Republic of the Philippines
SUPREME COURT
Manila

EN BANC

G.R. No. L-4362             August 31, 1951

MAXIMINO A. GARCIA, petitioner-appellant,
vs.
PATROCINIO PONGAN, respondent-appellee.

Ramon Duterte, Cecillo Gillamac, Antolin Rubillos and Gaudencio Montecillo for appellant.
Eleuterio R. Ramo for appellee.

FERIA, J.:

A petition for habeas corpus was originally filed in the Court of First Instance of Cebu by the petitioner the respondent Patrocinio Pongan, to recover the custody of Teonila Garcia born on November 18, 1938, who is a natural child of both the petitioner and respondent because they were free to marry at the time of the conception of said child.

After the hearing, the lower court rendered judgment denying the appellant's petition, and awarding to the respondent the rightful custody of said Teonila Garcia; and the petitioner appealed from said judgment.

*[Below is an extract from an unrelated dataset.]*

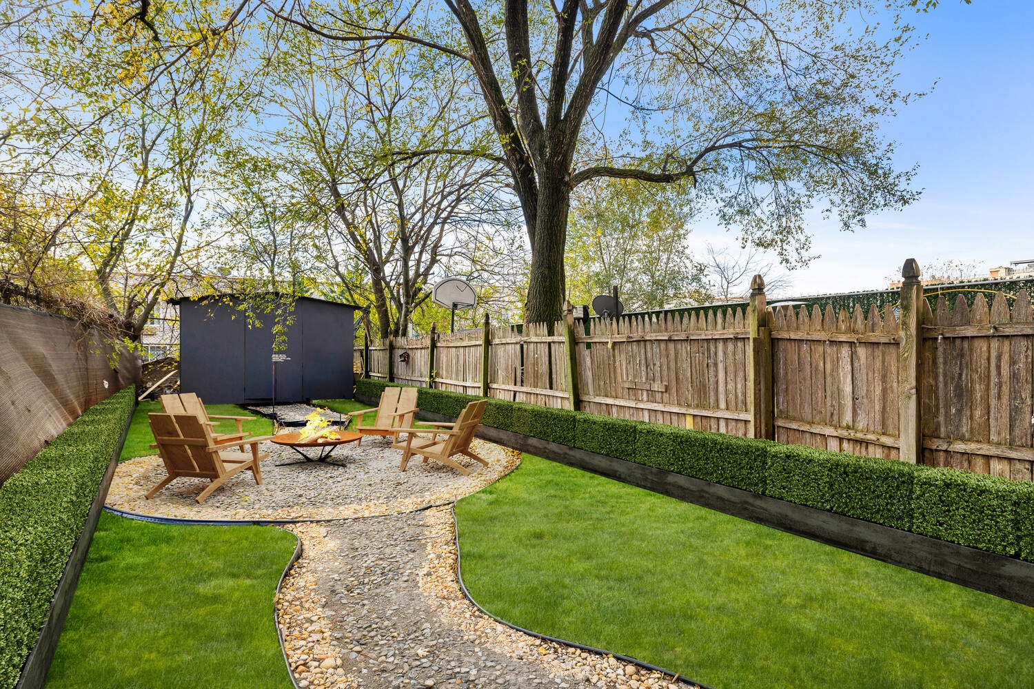 Enjoy a spacious, private backyard featuring a large patio set up for outdoor lounging, a stone walkway, and a cozy fire-pit area surrounded by trees. Perfect for entertaining, relaxing, and creating an outdoor oasis right at home.

Section 311 of the new Civil Code provides that "The father and mother jointly exercise parental authority over their legitimate children who are not emancipated," and that "the recognized natural and adopted children who are under age are under the parental authority of the father or mother recognizing or adopting them."

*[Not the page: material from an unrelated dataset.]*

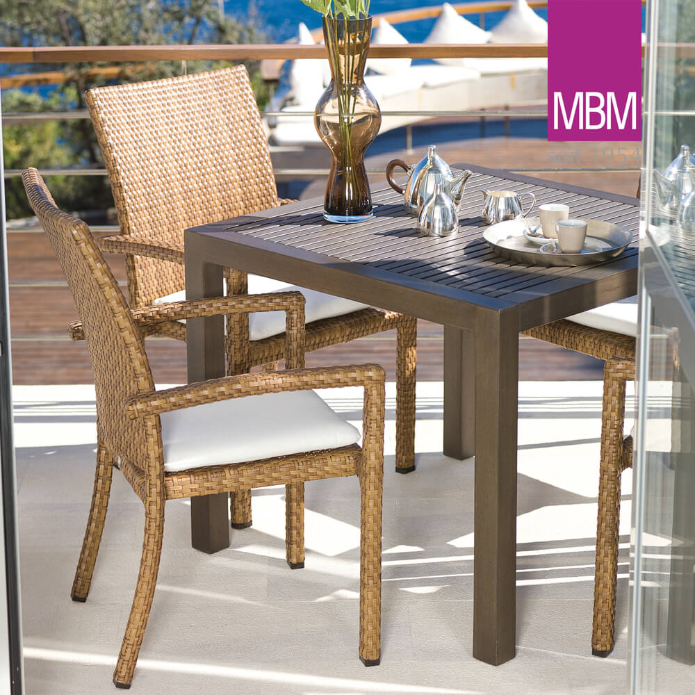 Garten Stapelstuhl von MBM - Alu & Polyrattan - mit Armlehnen - Sessel Bellini / ohne Sitzkissen

Under article 316 of the same code the effects of parental authority of the legitimate father and mother upon their unemancipated legitimate children, and of the father or mother over their minor recognized natural children are, among others, the duty to support them and keep them in their company. The parents' duty of keeping their legitimate and recognized minor children in their company or giving them a place wherein to live, is a part of the due to them; but this duty is at the same time a right which is incumbent upon them to facilitate compliance with their duties imposed upon the parents by said article 316.

If only one of the parents, for instance the father, has recognized a natural child, there would be no question or doubt that in the exercise of his parental authority, he has the right to keep the recognized child in his company or to have it under his custody, and he can not be deprive of such right and may not even renounce or transfer it "except in cases of guardianship or adoption approved by the court, or emancipation by concession," according to article 313 of the same Code.

But in the present case, not only the appellant father, but also the respondent mother have recognized the minor child Teonila Garcia, the former by judgment of the court, and the latter voluntarily testifying or stating under oath before the Court of First Instance in this case, that said Teonila is her natural child, which is a new means of voluntary recognition of a natural child by his father or mother under article 278 of the new Civil Code, which says that "Recognition shall be made in the record of birth, a will, a statement before a court of record or in any authentic writing." Such voluntary recognition does not require judicial approval according to article 281 of the same Code, which provides that only "when the recognition of a minor does not take place in a record of birth or in a will judicial approval shall be necessary." And as the minor Teonila Garcia is over ten years and prefers to live with her mother, the court did not err in awarding to the appellee the care, custody, and control of said minor, there being no showing that she is unfit to take charge of the child by reason of moral depravity, habitual drunkenness, incapacity or poverty, in accordance with the provision of section 6, Rule 100 of the Rules of Court, which reads as follows:

SEC. 6. Proceedings as to child whose parents are separated. Appeal. — When husband and wife are divorced or living separately and apart from each other, and the question as to the care, custody, and control of a child or children of their marriage is brought before a Court of First Instance by petition or as an incident to any other proceeding, the court, upon hearing the testimony of either or both parents, and such other testimony as may be pertinent, shall award the care, custody, and control of each such child as will be for its best interest, permitting the child to choose which parent it prefers to live with if it be over ten years of age, unless the parent so chosen be unfit to take charge of the child by reason of moral depravity, habitual drunkenness, incapacity, or poverty. . . .

It is true that the above-quoted provisions refer to legitimate minor children whose parents are divorced or living separately and apart from each other, but it is not less true that they are also applicable to the present case by analogy. The law confers upon the courts the power to award the care, custody and control of the minor child to either of the parents whom the child prefers to live with if it is over ten years unless the parent so chosen be unfit, because either the father or the mother has a preferred right to such care, custody and control in the exercise of parental authority they have over the person of their unemancipated legitimate children. In the present case, the minor Teonila Garcia having been legally recognized by both the appellant and appellee as their natural child, either one of them has the right to have the care, control and custody of said minor by virtue of their parental authority over her.

Wherefore the order appealed from is affirmed with costs against the appellant. So ordered.

Paras, C.J., Pablo, Bengzon, Padilla, Tuason, Reyes, Jugo and Bautista Angelo, JJ., concur.